::: PROVIDED DATA
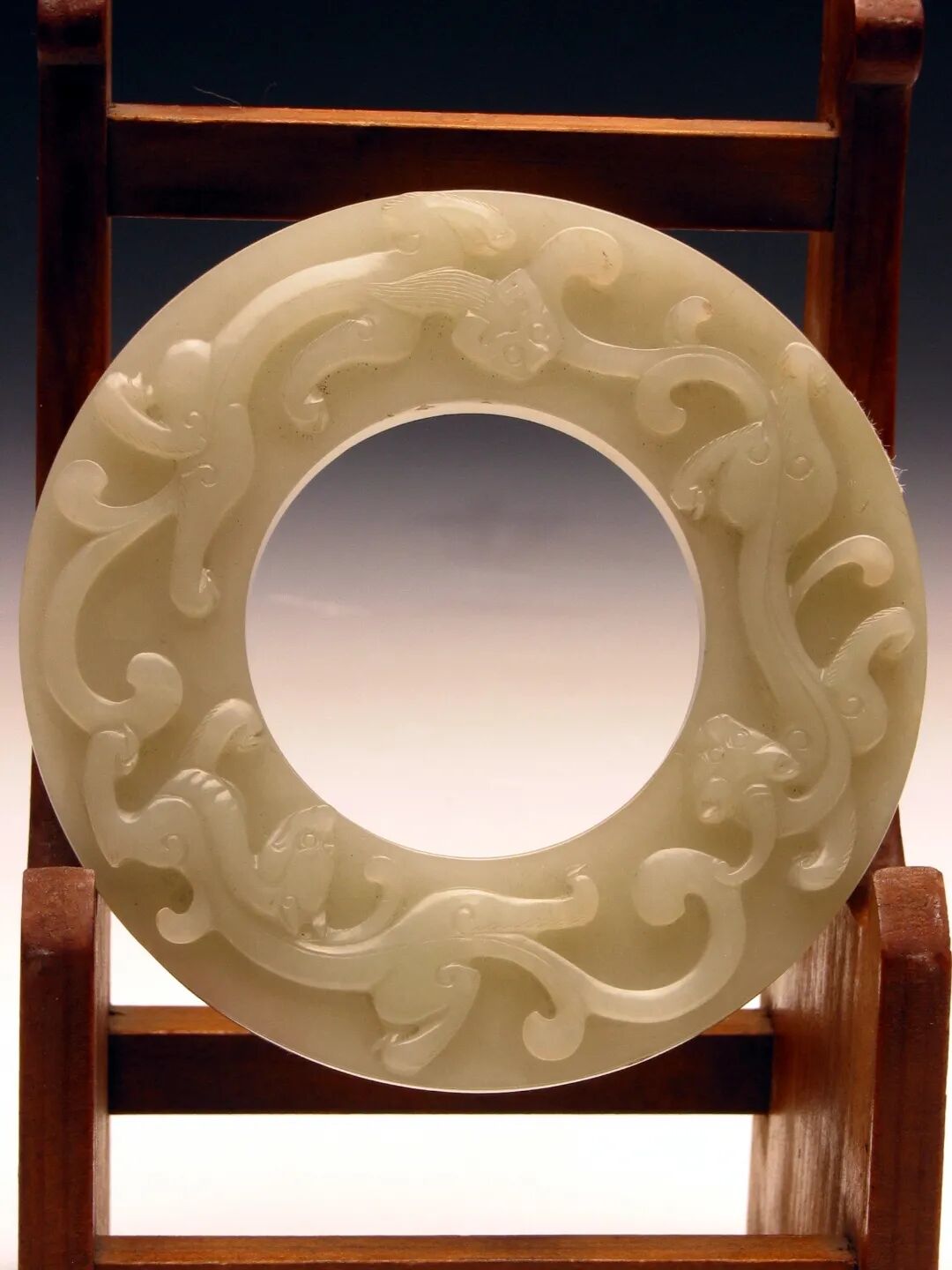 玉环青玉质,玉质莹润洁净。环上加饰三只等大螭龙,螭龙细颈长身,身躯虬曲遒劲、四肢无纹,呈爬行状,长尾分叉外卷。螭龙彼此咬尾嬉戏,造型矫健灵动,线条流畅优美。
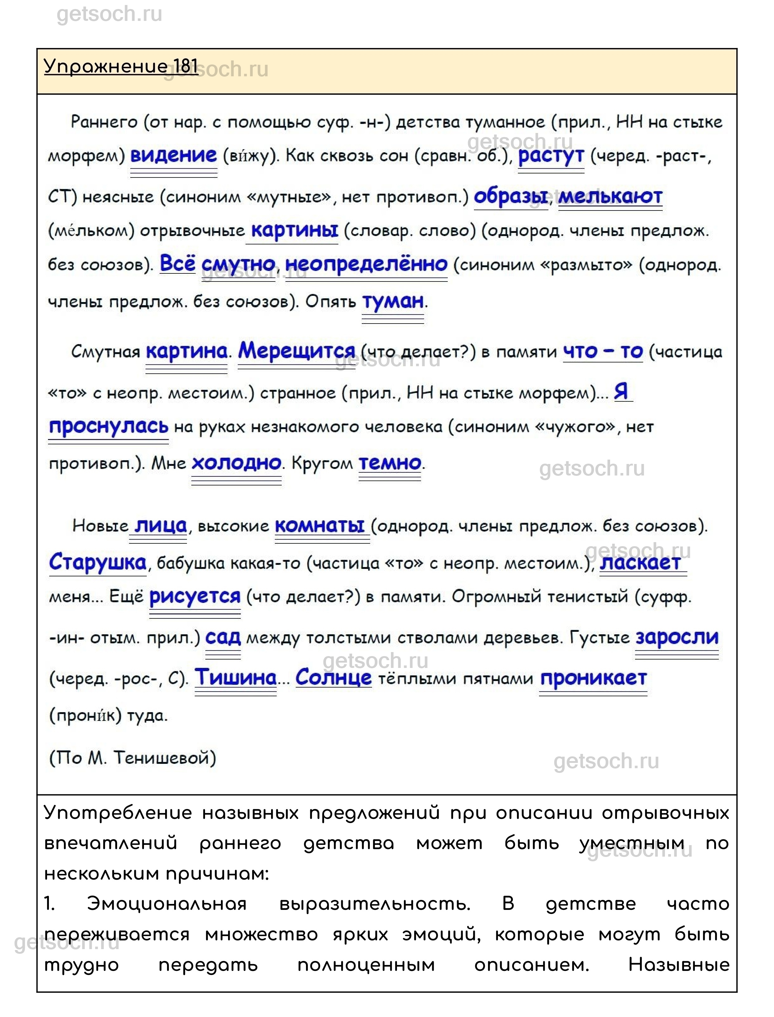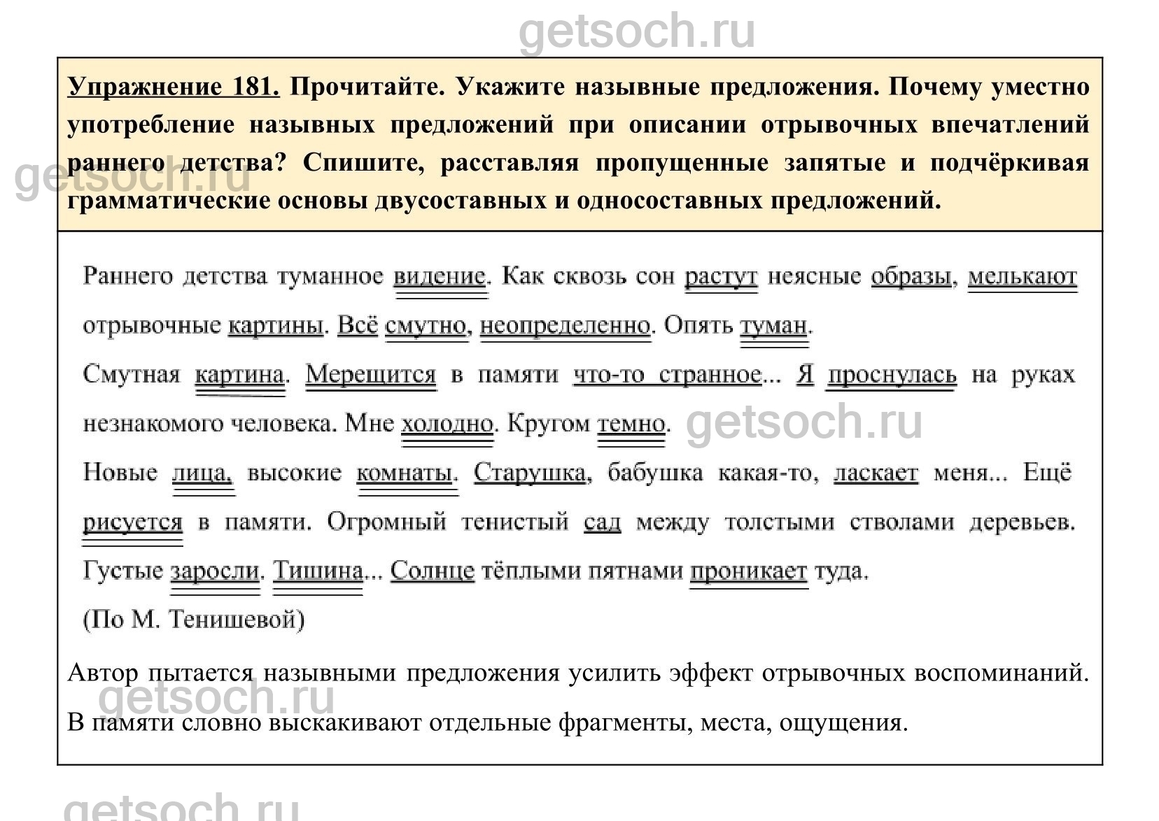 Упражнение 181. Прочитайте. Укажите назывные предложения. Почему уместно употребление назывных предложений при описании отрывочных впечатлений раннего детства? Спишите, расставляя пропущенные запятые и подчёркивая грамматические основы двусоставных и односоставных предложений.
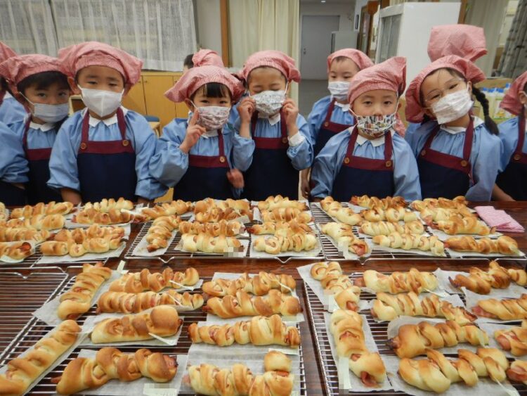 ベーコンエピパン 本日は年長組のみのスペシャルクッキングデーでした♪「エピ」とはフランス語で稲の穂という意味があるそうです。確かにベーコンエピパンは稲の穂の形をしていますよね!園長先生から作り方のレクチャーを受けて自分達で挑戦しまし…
::::::
▸ **WORK REQUEST**
Nothing but the pictures may be dropped as you repeat the listing above exactly.

▸ **TASK ANSWER**
 玉环青玉质,玉质莹润洁净。环上加饰三只等大螭龙,螭龙细颈长身,身躯虬曲遒劲、四肢无纹,呈爬行状,长尾分叉外卷。螭龙彼此咬尾嬉戏,造型矫健灵动,线条流畅优美。
 Упражнение 181. Прочитайте. Укажите назывные предложения. Почему уместно употребление назывных предложений при описании отрывочных впечатлений раннего детства? Спишите, расставляя пропущенные запятые и подчёркивая грамматические основы двусоставных и односоставных предложений.
 ベーコンエピパン 本日は年長組のみのスペシャルクッキングデーでした♪「エピ」とはフランス語で稲の穂という意味があるそうです。確かにベーコンエピパンは稲の穂の形をしていますよね!園長先生から作り方のレクチャーを受けて自分達で挑戦しまし…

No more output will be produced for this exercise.